**EXERCISE OBJECTIVE:**
Exactly as written, write out the lines below from the first to the one containing "リビングの一角に設けたヌック", inclusive. Pictures do not belong in the copy.

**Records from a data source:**
• • •
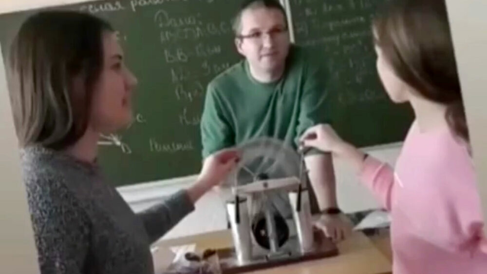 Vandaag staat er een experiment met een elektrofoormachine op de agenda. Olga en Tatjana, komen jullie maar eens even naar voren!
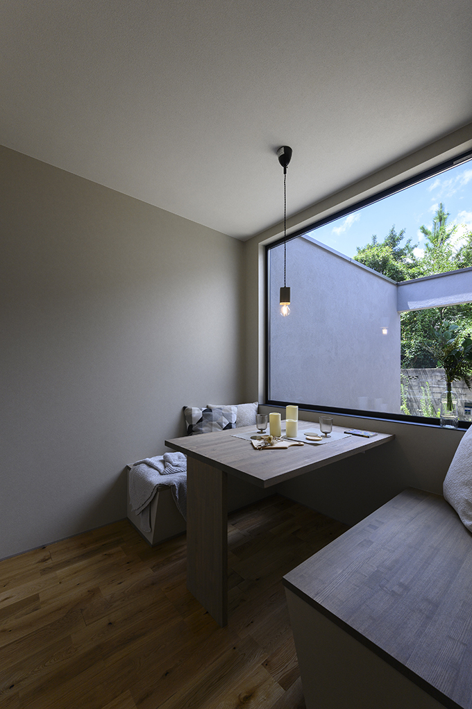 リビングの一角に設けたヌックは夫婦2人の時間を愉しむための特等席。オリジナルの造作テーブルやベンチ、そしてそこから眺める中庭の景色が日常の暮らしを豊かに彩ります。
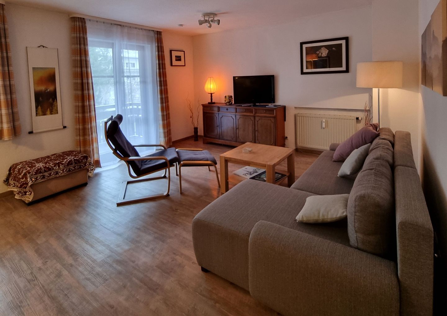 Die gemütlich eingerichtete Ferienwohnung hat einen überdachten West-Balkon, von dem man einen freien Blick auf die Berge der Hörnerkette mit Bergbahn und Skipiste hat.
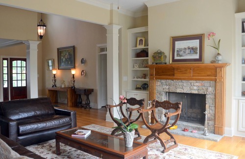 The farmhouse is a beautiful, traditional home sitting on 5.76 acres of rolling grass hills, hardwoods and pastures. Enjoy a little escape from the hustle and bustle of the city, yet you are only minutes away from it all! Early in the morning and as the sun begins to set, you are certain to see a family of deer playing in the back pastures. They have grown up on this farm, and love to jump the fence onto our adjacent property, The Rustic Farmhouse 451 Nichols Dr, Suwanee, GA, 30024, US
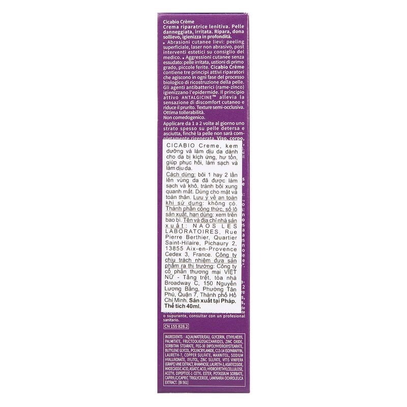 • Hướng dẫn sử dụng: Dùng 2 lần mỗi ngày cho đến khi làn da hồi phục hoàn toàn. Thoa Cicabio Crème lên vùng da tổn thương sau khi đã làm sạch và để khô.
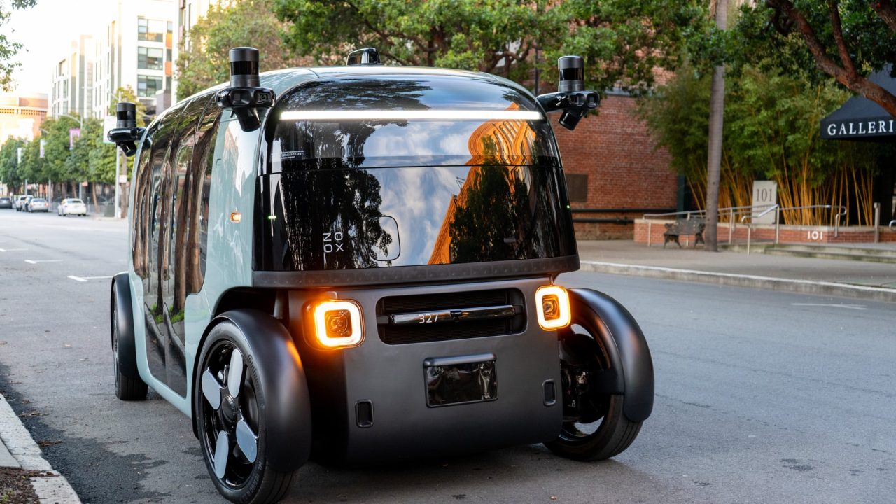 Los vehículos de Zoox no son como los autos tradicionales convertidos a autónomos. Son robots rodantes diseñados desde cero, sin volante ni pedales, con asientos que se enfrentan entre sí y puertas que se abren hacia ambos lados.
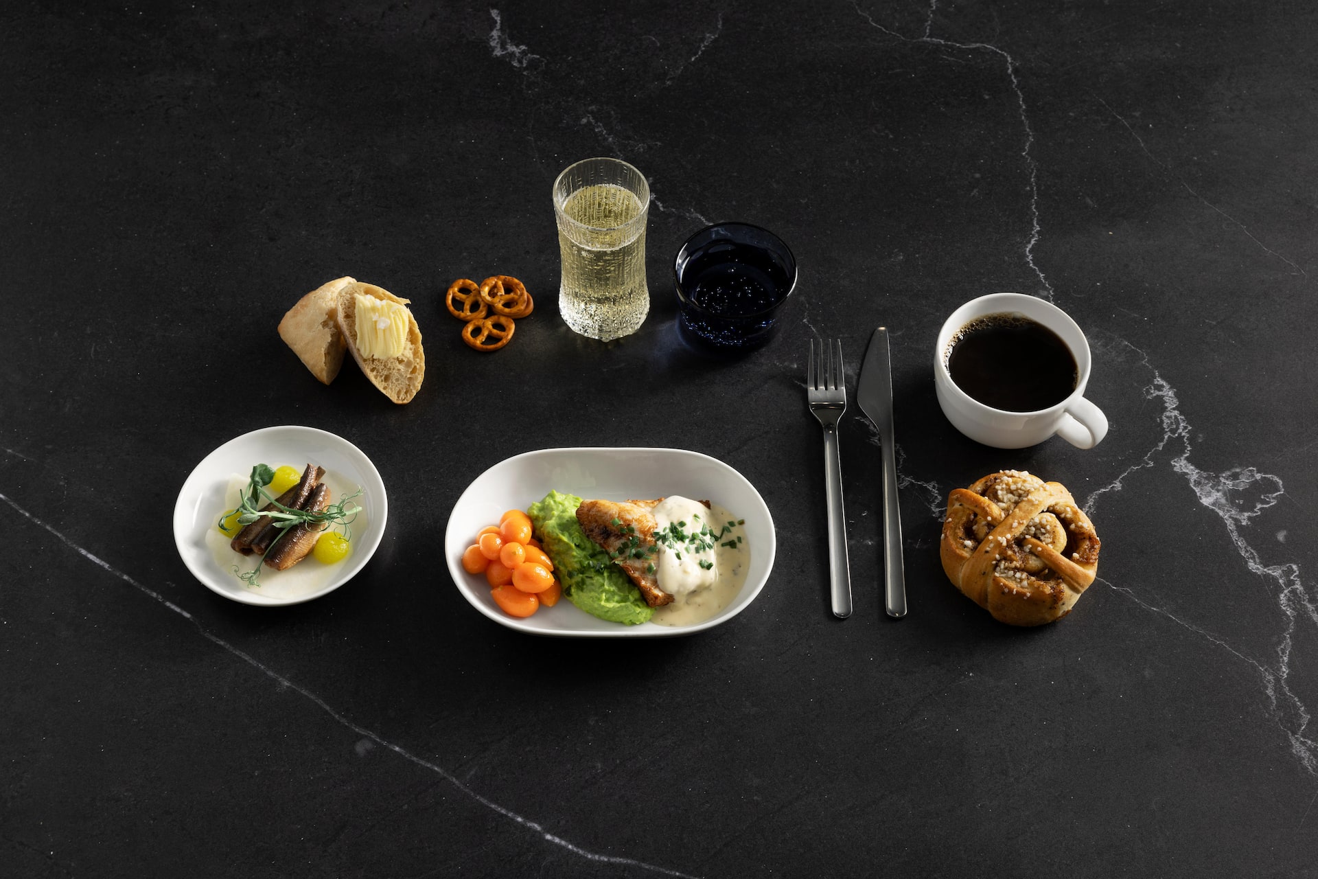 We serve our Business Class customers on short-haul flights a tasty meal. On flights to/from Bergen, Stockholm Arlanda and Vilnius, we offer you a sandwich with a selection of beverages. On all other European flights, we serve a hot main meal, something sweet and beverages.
• • •
**RESPONSE AREA:**
 Vandaag staat er een experiment met een elektrofoormachine op de agenda. Olga en Tatjana, komen jullie maar eens even naar voren!
 リビングの一角に設けたヌックは夫婦2人の時間を愉しむための特等席。オリジナルの造作テーブルやベンチ、そしてそこから眺める中庭の景色が日常の暮らしを豊かに彩ります。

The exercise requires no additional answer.